A new infographic wonders how effective the Common Core State Standards will be.

With all the hype about the Common Core State Standards, it’s easy to forget that some states have decided not to adopt the standards–plus, some adopting states are now re-evaluating their decisions. Now, a new infographic questions some of the basic tenets of the Common Core State Standards.

Perhaps one of the biggest arguments against the standards, according to the infographic, is that “while core curriculum has improved performance in states with traditionally good education systems,” states that have struggled academically wonder if the standards are more a one-size-fits-all pathway instead of a “great equalizing force,” in which the common standards bridge a gap between vocational education and the university pathway.

(Next page: How do students fare in math?)

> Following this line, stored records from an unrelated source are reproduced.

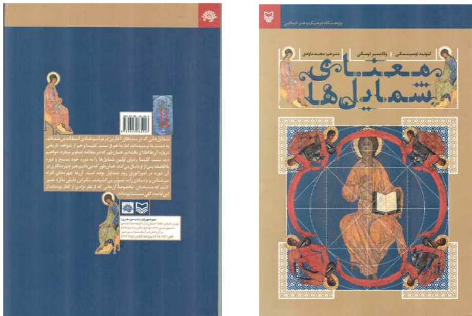
شکل ۲. طرح جلد ترجمه
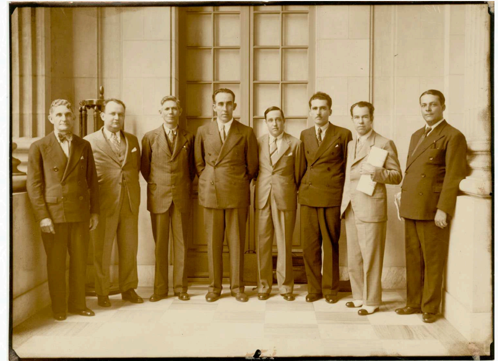
Comissão de Segurança Nacional, Câmara dos Deputados (1934).

No dia 17 novembro de 1934, cerca de quatro meses após a criação da nova Constituição e do início do mandato de Getúlio Vargas, o advogado Clóvis Dunshee de Abranches enviou uma carta para a Câmara criticando a repressão do governo contra os movimentos sociais. Disse que a Constituição garantia aos trabalhadores “a sindicalização, o direito de reunião e a livre manifestação do pensamento”, porém o que se via nas ruas naquele momento era que “os sindicatos têm sido depredados, as reuniões são dissolvidas a bala e a gás lacrimogênio, os trabalhadores são esbordados e assassinados, e até seus advogados são desacatados e presos”.
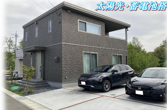
西側前面道路含む現地外観 掲載写真 2023年5月撮影
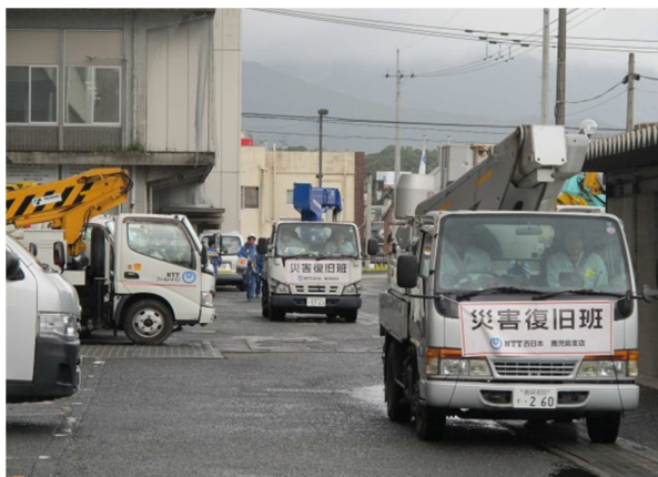
出動する災害復旧班 (鹿屋市)
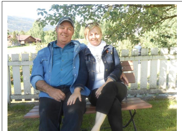
Merveilleuse vie !

Pour terminer ce survol scandinave, je partage avec vous un proverbe norvégien qui saura vous plaire assurément : Plus on vit, plus la vie devient merveilleuse !
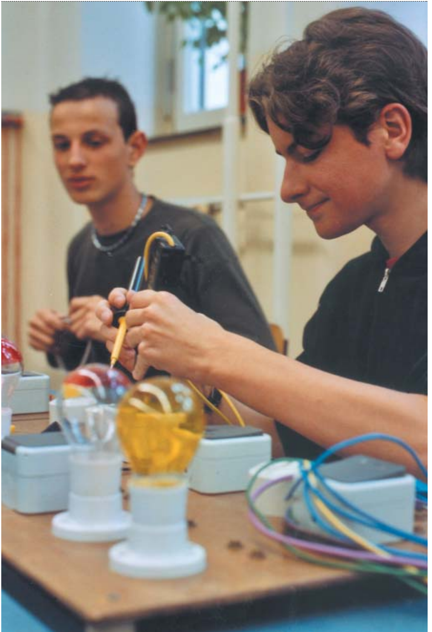
Titel: Rechte und Pflichten
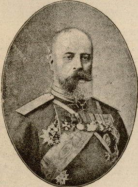
გენერალ-ლეიტენანტი გრაფი გელაქია. ვაფანგოუს ბრძოლაში მიიღო მონაწილეობა.

— კი ბატონო, რა: შენისანა სასახელო კაცს დავბაიჯებ, აბა რა...— მიუგო ყარამანმა სარიდანს და მიუბრუნდა თე-მურასს:— რას იზამ, თემურაზ? იმ სამ დღეს, ხუჩაფათიდან
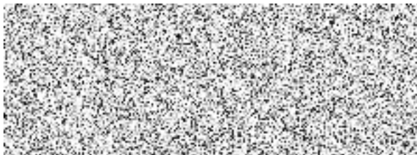
Jednatelka společnosti EXPOmedia s.r.o.

Three big arguments in favor of the Common Core State Standards, according to the infographic, are:

  • Students will learn more if their learning targets are set higher
  • Students will learn more if the passing grades for state tests are set higher
  • Students will learn more if lesson plans and textbooks are all made more complex and rigorous

This, however, can lead to a situation in which some students fall even further behind in school and drop out due to their discouragement.

The infographic looks at the Common Core State Standards’ stance on algebra, which is taught in the eighth grade. According to the Common Core, students who take algebra can become familiar with more complex math courses as they progress through school, and will have more knowledge when they enter college. However, the infographic points out that childhood brain development tends to plateau in the eighth grade, which makes it harder to learn and retain new concepts.

Algebra at an early age can discourage students and lead to problems down the road, according to statistics presented in the infographic. The data points to New Mexico, where 43 percent of white students dipped below proficiency levels in 2012, and in Tennessee, where 39 percent of white students followed suit. In 2012, 35 percent of students in West Virginia and 33 percent of Oklahoma students failed the algebra portions of their school exit exams.

Problems in algebra translate to problems with more advanced math in high school and college. Statistics note that only 1 percent of the 1.7 million bachelor’s degrees awarded in 2012 were in math, and only 58 percent of students entering higher education graduate. This means just .0058 percent of students who enter college successfully graduate as math majors.